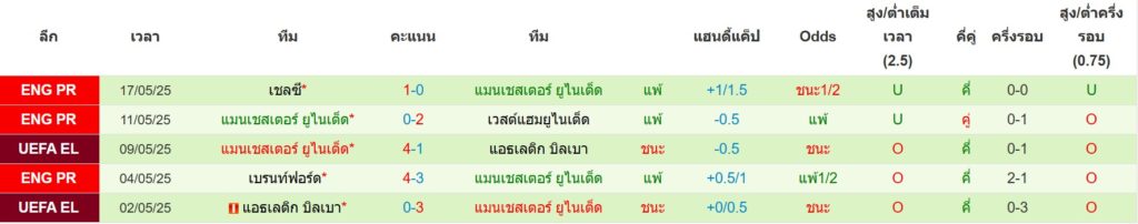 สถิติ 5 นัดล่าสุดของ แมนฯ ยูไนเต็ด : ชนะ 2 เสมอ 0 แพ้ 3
========================
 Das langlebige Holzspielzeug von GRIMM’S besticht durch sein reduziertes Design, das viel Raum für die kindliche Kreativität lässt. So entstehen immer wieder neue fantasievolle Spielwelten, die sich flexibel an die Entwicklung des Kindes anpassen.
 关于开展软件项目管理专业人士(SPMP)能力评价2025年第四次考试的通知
========================
What is being asked:
Taking the material above, extract exactly and only the lines from the line with "Das langlebige Holzspielzeug" to the line with "关于开展软件项目管理专业人士(SPMP)能力评价2025年第四次考试的通知", inclusive of both.

Written solution:
 Das langlebige Holzspielzeug von GRIMM’S besticht durch sein reduziertes Design, das viel Raum für die kindliche Kreativität lässt. So entstehen immer wieder neue fantasievolle Spielwelten, die sich flexibel an die Entwicklung des Kindes anpassen.
 关于开展软件项目管理专业人士(SPMP)能力评价2025年第四次考试的通知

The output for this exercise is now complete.